Data supplied:
_ _ _

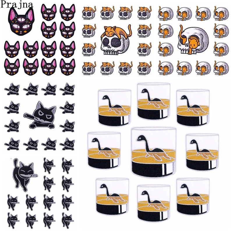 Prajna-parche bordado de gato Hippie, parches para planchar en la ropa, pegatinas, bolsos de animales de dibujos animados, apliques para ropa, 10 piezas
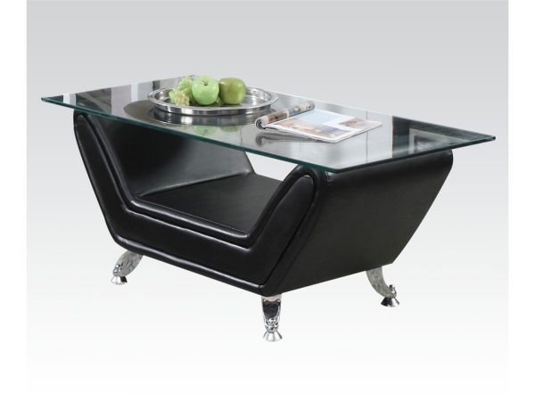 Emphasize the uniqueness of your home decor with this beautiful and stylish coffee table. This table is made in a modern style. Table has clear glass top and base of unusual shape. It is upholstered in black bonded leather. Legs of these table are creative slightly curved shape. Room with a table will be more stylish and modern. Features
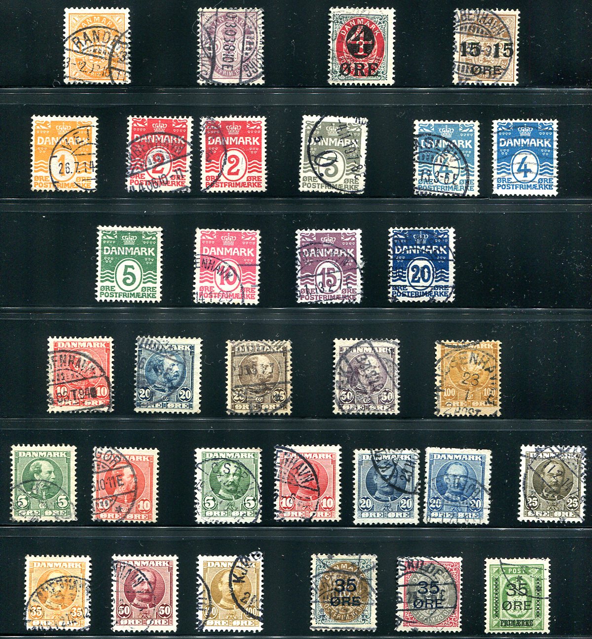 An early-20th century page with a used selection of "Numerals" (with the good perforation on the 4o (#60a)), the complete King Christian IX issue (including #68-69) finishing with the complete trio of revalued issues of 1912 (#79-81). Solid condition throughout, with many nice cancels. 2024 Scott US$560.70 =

_ _ _

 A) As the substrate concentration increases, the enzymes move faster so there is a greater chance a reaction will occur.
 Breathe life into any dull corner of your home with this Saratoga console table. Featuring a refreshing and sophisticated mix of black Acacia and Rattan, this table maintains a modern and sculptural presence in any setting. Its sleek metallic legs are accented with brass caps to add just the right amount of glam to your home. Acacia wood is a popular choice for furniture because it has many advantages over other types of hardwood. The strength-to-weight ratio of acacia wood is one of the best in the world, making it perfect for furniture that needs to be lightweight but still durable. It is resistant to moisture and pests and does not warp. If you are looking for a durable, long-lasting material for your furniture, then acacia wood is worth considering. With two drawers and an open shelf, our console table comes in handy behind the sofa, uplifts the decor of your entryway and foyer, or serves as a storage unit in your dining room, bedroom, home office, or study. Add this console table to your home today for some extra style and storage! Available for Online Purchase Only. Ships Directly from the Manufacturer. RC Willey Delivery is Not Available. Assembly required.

_ _ _

Instructions to follow:
Retype exactly the span of lines from the one with "A) As the substrate" through the one with "Breathe life into"; include both ends and omit the rest of the material.

Expected answer:
 A) As the substrate concentration increases, the enzymes move faster so there is a greater chance a reaction will occur.
 Breathe life into any dull corner of your home with this Saratoga console table. Featuring a refreshing and sophisticated mix of black Acacia and Rattan, this table maintains a modern and sculptural presence in any setting. Its sleek metallic legs are accented with brass caps to add just the right amount of glam to your home. Acacia wood is a popular choice for furniture because it has many advantages over other types of hardwood. The strength-to-weight ratio of acacia wood is one of the best in the world, making it perfect for furniture that needs to be lightweight but still durable. It is resistant to moisture and pests and does not warp. If you are looking for a durable, long-lasting material for your furniture, then acacia wood is worth considering. With two drawers and an open shelf, our console table comes in handy behind the sofa, uplifts the decor of your entryway and foyer, or serves as a storage unit in your dining room, bedroom, home office, or study. Add this console table to your home today for some extra style and storage! Available for Online Purchase Only. Ships Directly from the Manufacturer. RC Willey Delivery is Not Available. Assembly required.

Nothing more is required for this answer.